-- Work instructions --
Write out the entries below exactly, but only from the line containing "在100米以下公共建筑中采用" through the line containing "Having constructed the", and without the pictures.

-- The data --
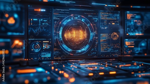 Obraz premium A futuristic digital interface with data visualizations on a large screen,...
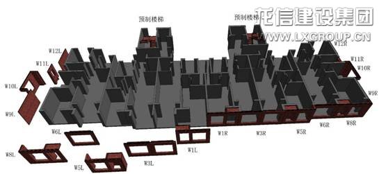 在100米以下公共建筑中采用預(yù)制裝配整體式框架剪力墻結(jié)構(gòu)體系,柱、梁、疊合板、樓梯、陽臺(tái)預(yù)制裝配,剪力墻現(xiàn)澆;適用市中心場地狹小、環(huán)保要求高、工期要求緊的項(xiàng)目。
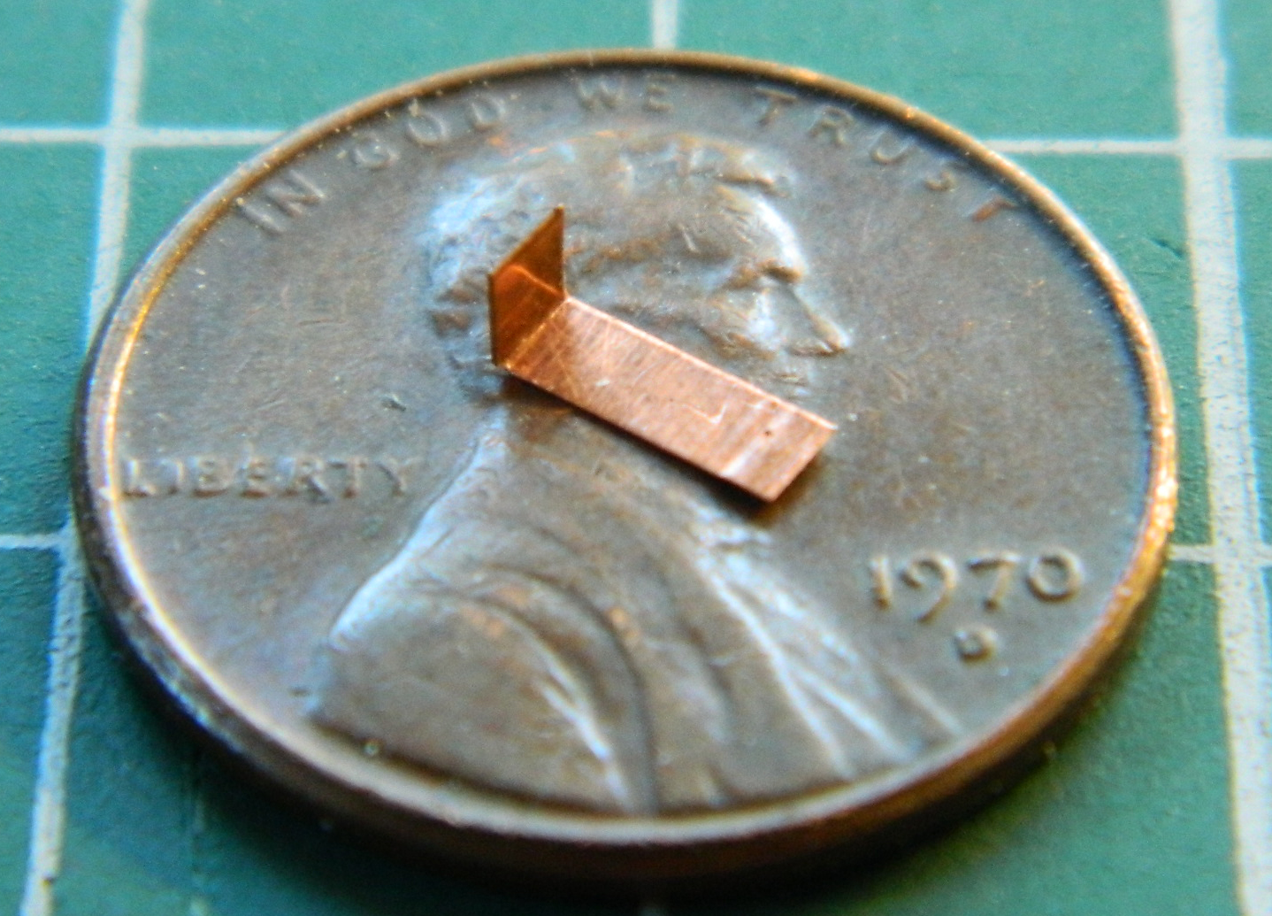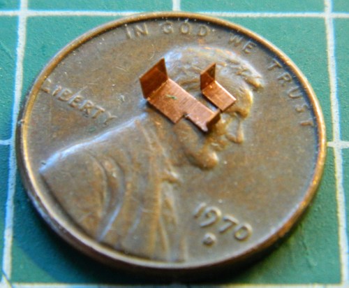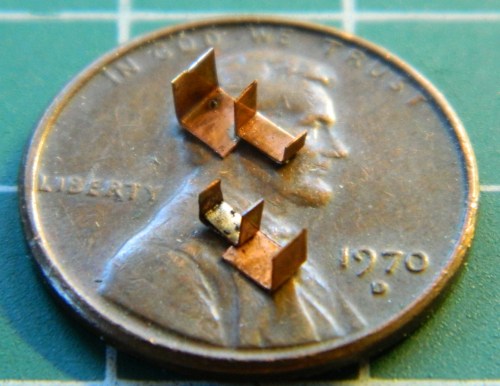 Having constructed the basic landing gear, it’s time to detail them. The first part of that was to make a bracket for Mystery Bits to attach to and I went to .005″ (.127mm) copper shim stock for that, cut out both pieces, and soldered them together into one bracket:
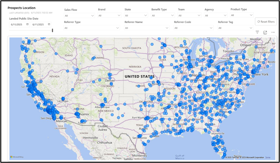 The page will also display a map of the United States, segmented by state. Each state will be color-coded based on the number of enrollments generated in that area. States with no enrollments will appear in grey, those with moderate enrollment activity will be shown in light green, and states with high enrollment activity will be displayed in dark green.
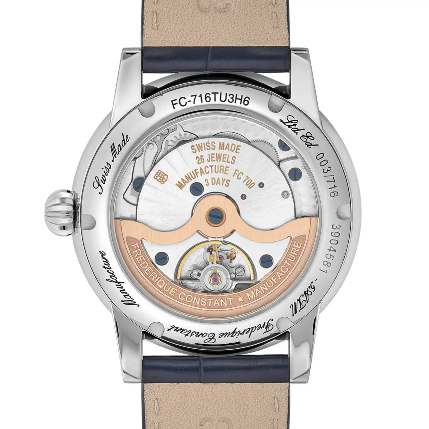 2024年に発表。2015年に発表したFC-715のパーツの90%以上を流用しつつ、香箱を18%大きく、主ぜんまいを31%長く設計変更することで、72時間のロングパワーリザーブを実現。ブリッジには美しいコート・ド・ジュネーブ装飾を施しています。
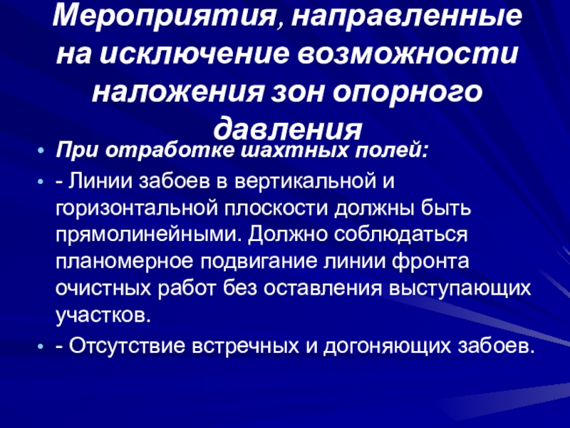 Слайд 9Мероприятия, направленные на исключение возможности наложения зон опорного давления
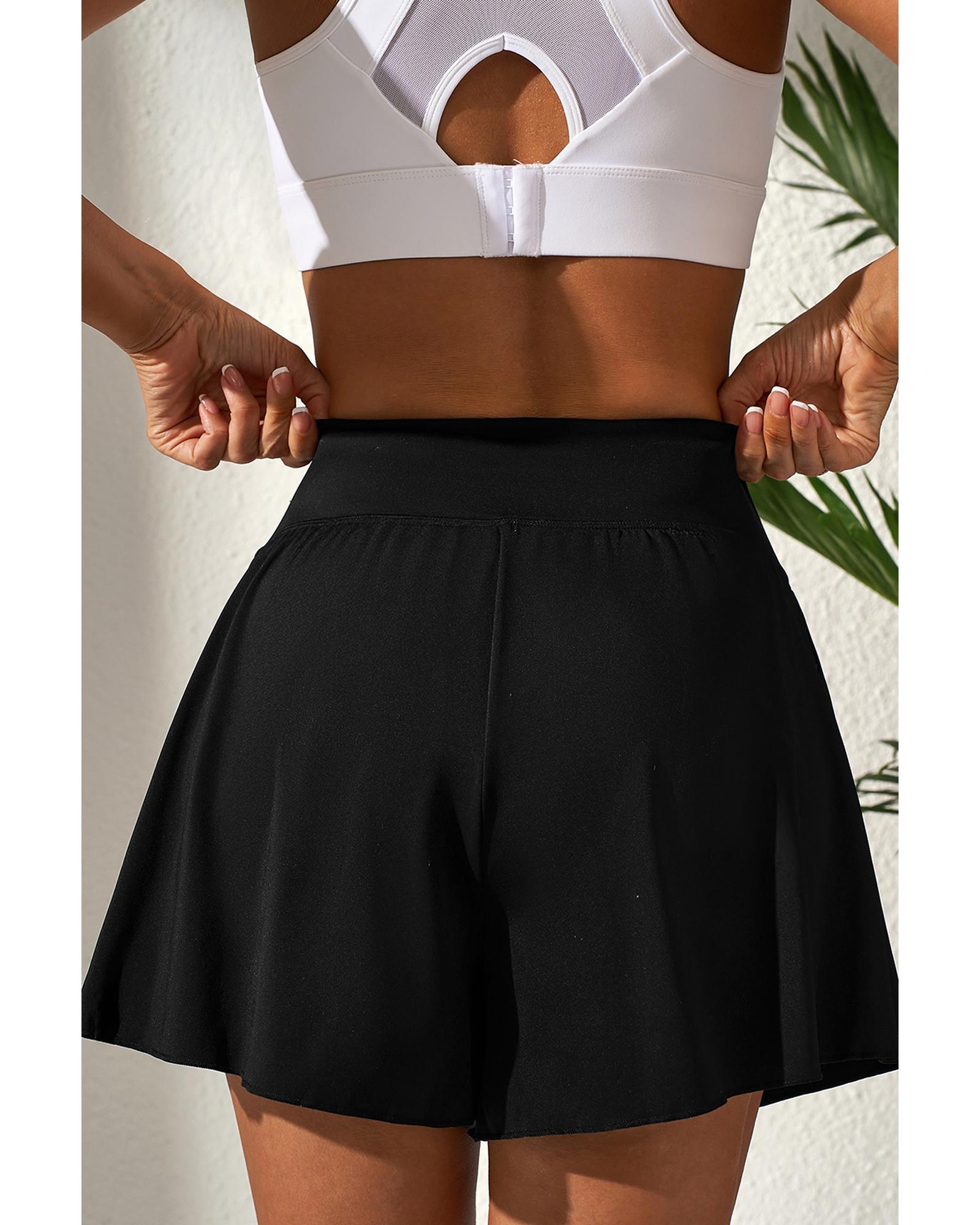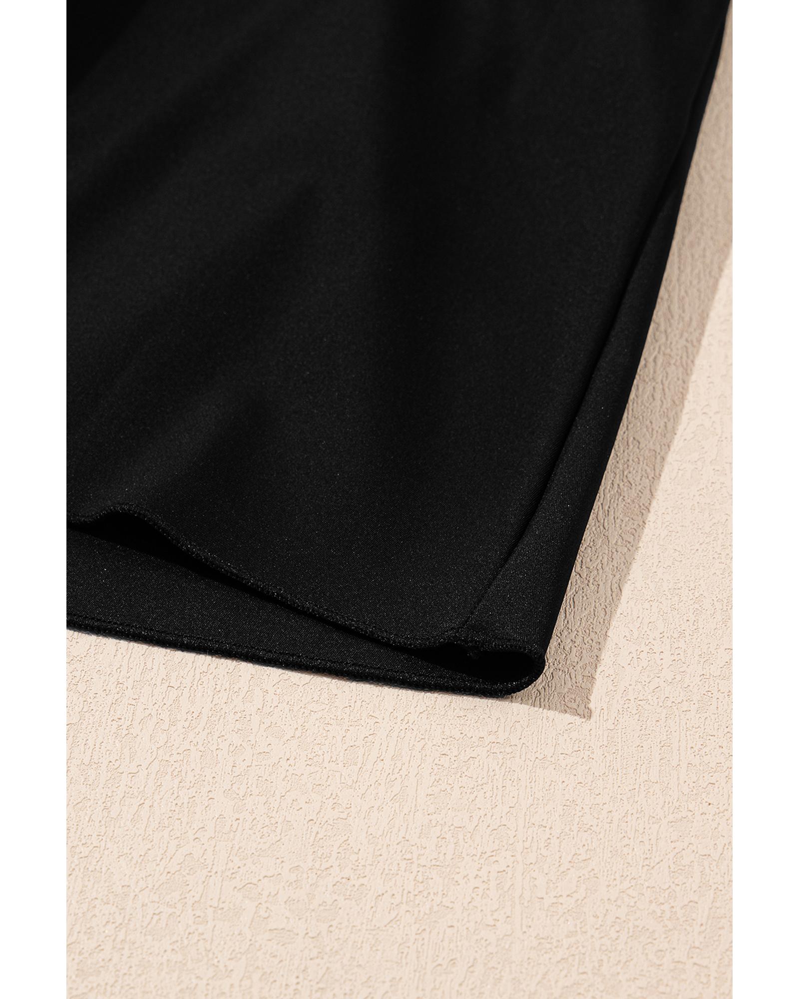 This high waist wide leg swim bottom features a sleek black solid color design, offering a stylish and comfortable fit for beach or pool days. Its versatile style pairs well with various swimwear tops, making it a great addition to your swimwear collection.
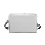 Hielera semirrígida plegable con interior impermeable, doble cierre, mallas laterales y correa ajustable.
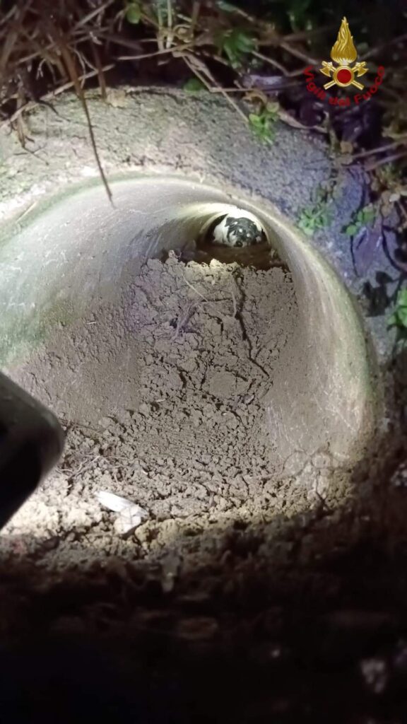 PRAMAGGIORE (VE). Era rimasto bloccato in una tubazione di scolo dell’acqua e non riusciva più ad uscire.

-- Output below --
 在100米以下公共建筑中采用預(yù)制裝配整體式框架剪力墻結(jié)構(gòu)體系,柱、梁、疊合板、樓梯、陽臺(tái)預(yù)制裝配,剪力墻現(xiàn)澆;適用市中心場地狹小、環(huán)保要求高、工期要求緊的項(xiàng)目。
 Having constructed the basic landing gear, it’s time to detail them. The first part of that was to make a bracket for Mystery Bits to attach to and I went to .005″ (.127mm) copper shim stock for that, cut out both pieces, and soldered them together into one bracket:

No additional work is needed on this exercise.